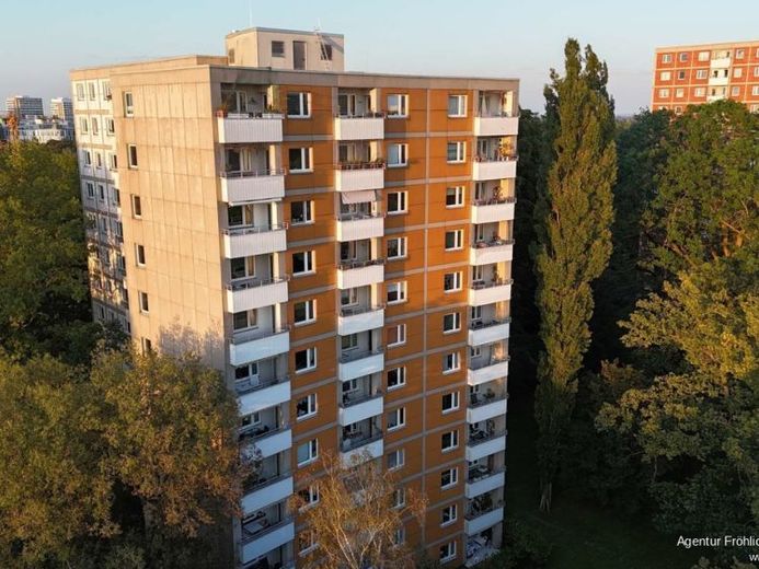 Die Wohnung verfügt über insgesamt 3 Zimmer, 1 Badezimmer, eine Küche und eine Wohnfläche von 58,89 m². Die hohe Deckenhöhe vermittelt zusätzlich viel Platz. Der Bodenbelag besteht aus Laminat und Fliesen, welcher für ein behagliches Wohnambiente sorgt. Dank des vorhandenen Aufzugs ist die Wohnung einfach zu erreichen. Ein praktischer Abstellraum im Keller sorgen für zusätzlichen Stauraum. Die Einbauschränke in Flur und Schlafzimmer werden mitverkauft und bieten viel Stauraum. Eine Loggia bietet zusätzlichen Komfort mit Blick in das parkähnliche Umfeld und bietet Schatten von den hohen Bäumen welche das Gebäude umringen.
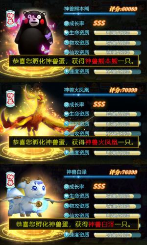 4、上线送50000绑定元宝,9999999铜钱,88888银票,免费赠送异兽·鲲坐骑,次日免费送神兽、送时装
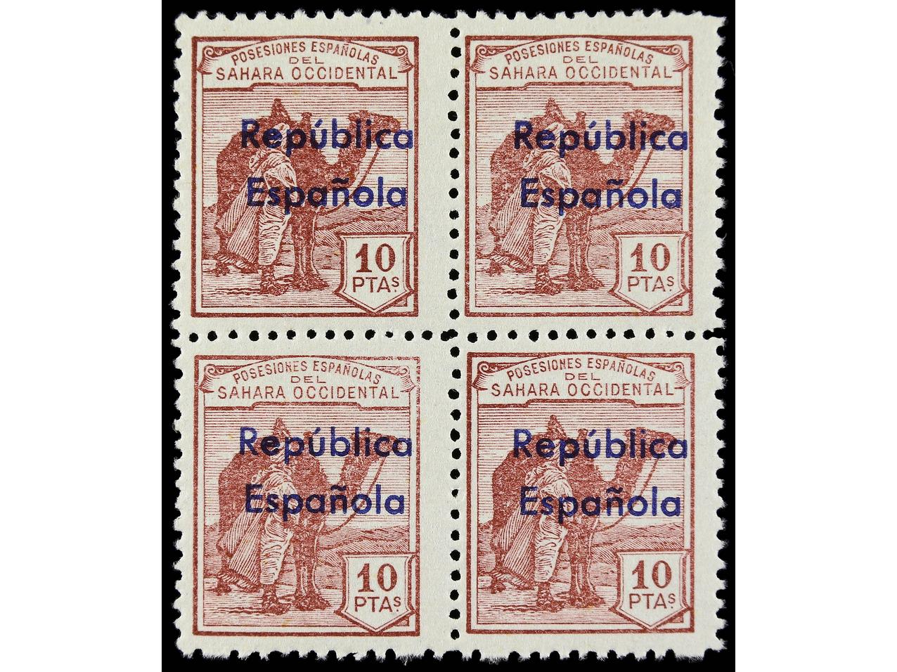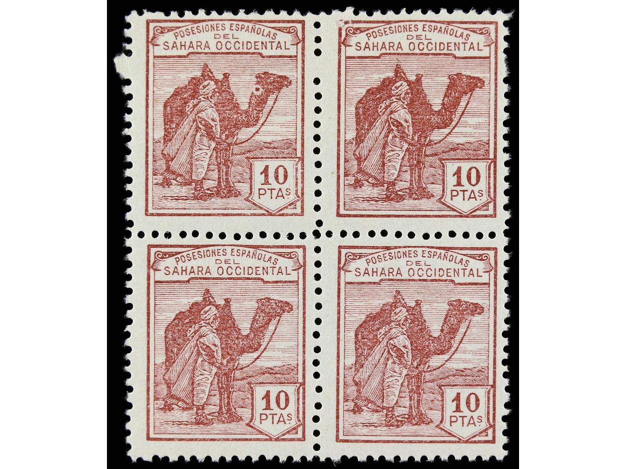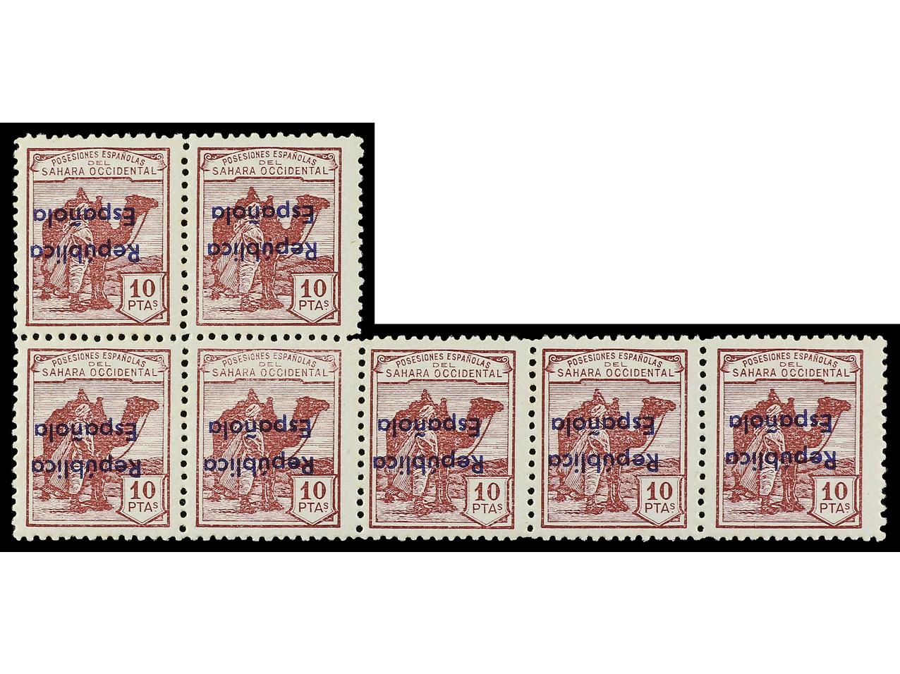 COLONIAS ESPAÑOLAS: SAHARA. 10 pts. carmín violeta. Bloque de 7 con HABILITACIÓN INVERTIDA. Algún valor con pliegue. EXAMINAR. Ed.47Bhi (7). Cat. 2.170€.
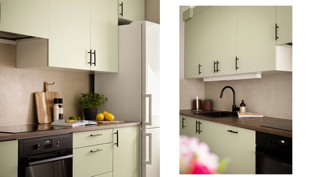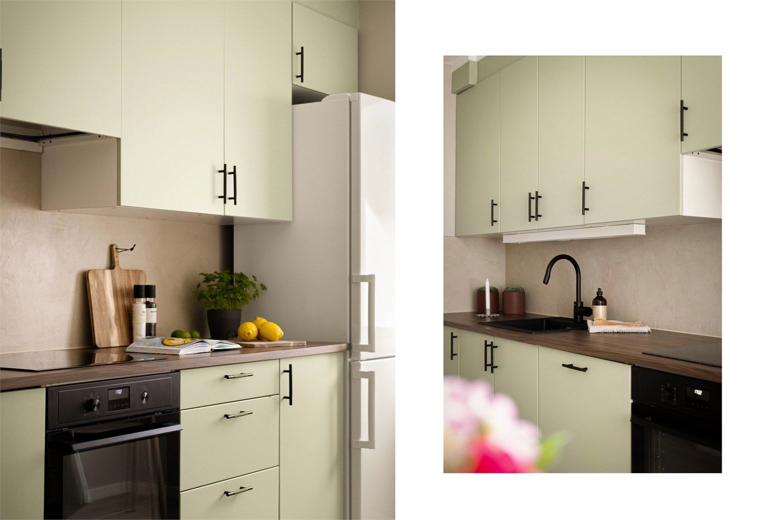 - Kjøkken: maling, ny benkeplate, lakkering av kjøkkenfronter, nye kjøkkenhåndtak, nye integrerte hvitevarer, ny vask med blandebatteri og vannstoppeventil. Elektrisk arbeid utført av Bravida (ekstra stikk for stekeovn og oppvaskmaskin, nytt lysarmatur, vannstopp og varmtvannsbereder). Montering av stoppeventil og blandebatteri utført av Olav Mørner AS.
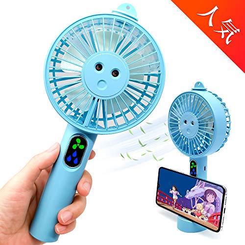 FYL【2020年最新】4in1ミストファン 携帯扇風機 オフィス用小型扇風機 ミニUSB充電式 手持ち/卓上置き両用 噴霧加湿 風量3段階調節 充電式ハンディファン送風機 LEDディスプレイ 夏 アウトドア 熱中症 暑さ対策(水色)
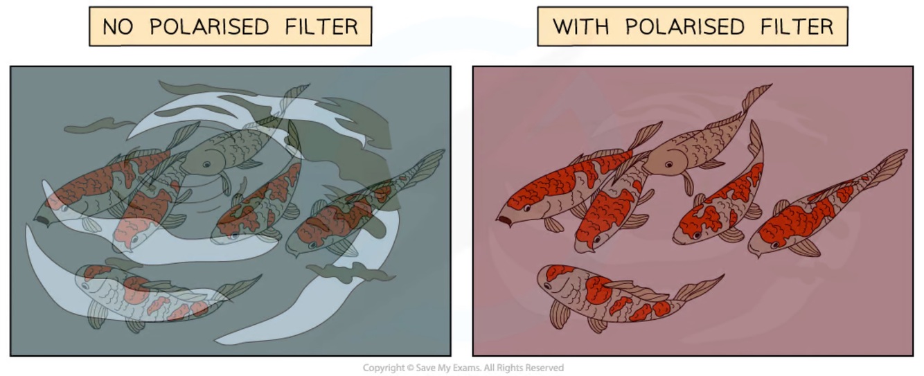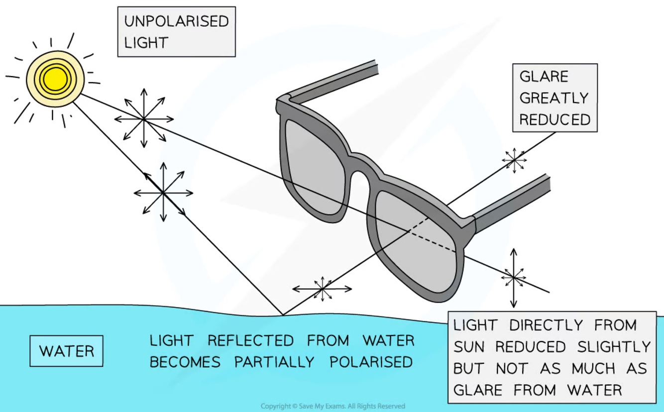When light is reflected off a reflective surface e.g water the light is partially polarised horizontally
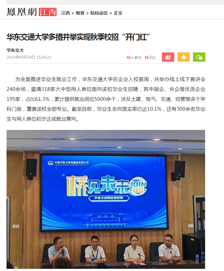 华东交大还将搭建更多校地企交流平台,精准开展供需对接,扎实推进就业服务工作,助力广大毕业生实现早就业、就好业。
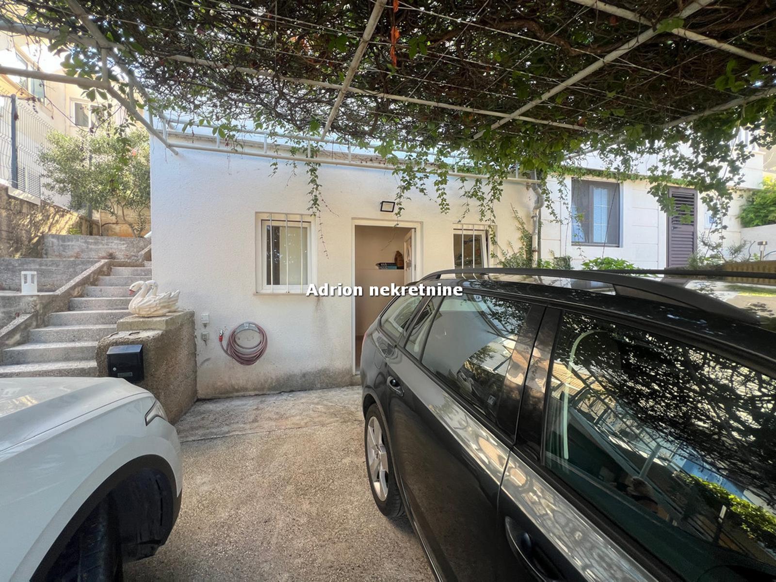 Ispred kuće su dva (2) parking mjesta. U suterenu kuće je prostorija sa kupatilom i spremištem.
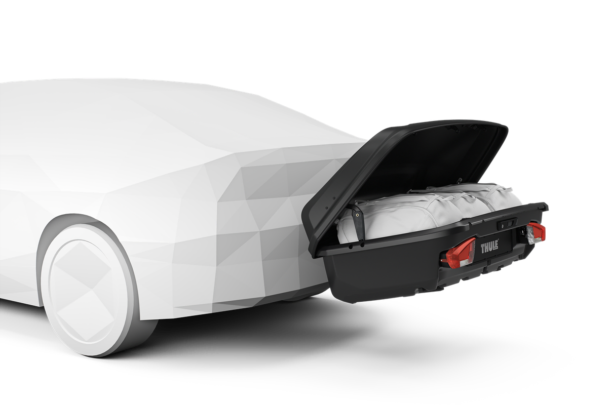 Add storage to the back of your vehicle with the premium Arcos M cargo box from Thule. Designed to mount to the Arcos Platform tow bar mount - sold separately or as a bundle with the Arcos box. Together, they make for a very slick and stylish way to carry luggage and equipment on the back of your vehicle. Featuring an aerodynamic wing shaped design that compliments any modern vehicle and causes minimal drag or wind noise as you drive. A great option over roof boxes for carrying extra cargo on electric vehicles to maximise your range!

--

> **Exercise instructions**:
Retype the listing exactly. Leave the pictures out.

> **Written solution**:
 Die Wohnung verfügt über insgesamt 3 Zimmer, 1 Badezimmer, eine Küche und eine Wohnfläche von 58,89 m². Die hohe Deckenhöhe vermittelt zusätzlich viel Platz. Der Bodenbelag besteht aus Laminat und Fliesen, welcher für ein behagliches Wohnambiente sorgt. Dank des vorhandenen Aufzugs ist die Wohnung einfach zu erreichen. Ein praktischer Abstellraum im Keller sorgen für zusätzlichen Stauraum. Die Einbauschränke in Flur und Schlafzimmer werden mitverkauft und bieten viel Stauraum. Eine Loggia bietet zusätzlichen Komfort mit Blick in das parkähnliche Umfeld und bietet Schatten von den hohen Bäumen welche das Gebäude umringen.
 4、上线送50000绑定元宝,9999999铜钱,88888银票,免费赠送异兽·鲲坐骑,次日免费送神兽、送时装
 COLONIAS ESPAÑOLAS: SAHARA. 10 pts. carmín violeta. Bloque de 7 con HABILITACIÓN INVERTIDA. Algún valor con pliegue. EXAMINAR. Ed.47Bhi (7). Cat. 2.170€.
 - Kjøkken: maling, ny benkeplate, lakkering av kjøkkenfronter, nye kjøkkenhåndtak, nye integrerte hvitevarer, ny vask med blandebatteri og vannstoppeventil. Elektrisk arbeid utført av Bravida (ekstra stikk for stekeovn og oppvaskmaskin, nytt lysarmatur, vannstopp og varmtvannsbereder). Montering av stoppeventil og blandebatteri utført av Olav Mørner AS.
 FYL【2020年最新】4in1ミストファン 携帯扇風機 オフィス用小型扇風機 ミニUSB充電式 手持ち/卓上置き両用 噴霧加湿 風量3段階調節 充電式ハンディファン送風機 LEDディスプレイ 夏 アウトドア 熱中症 暑さ対策(水色)
When light is reflected off a reflective surface e.g water the light is partially polarised horizontally
 华东交大还将搭建更多校地企交流平台,精准开展供需对接,扎实推进就业服务工作,助力广大毕业生实现早就业、就好业。
 Ispred kuće su dva (2) parking mjesta. U suterenu kuće je prostorija sa kupatilom i spremištem.
 Add storage to the back of your vehicle with the premium Arcos M cargo box from Thule. Designed to mount to the Arcos Platform tow bar mount - sold separately or as a bundle with the Arcos box. Together, they make for a very slick and stylish way to carry luggage and equipment on the back of your vehicle. Featuring an aerodynamic wing shaped design that compliments any modern vehicle and causes minimal drag or wind noise as you drive. A great option over roof boxes for carrying extra cargo on electric vehicles to maximise your range!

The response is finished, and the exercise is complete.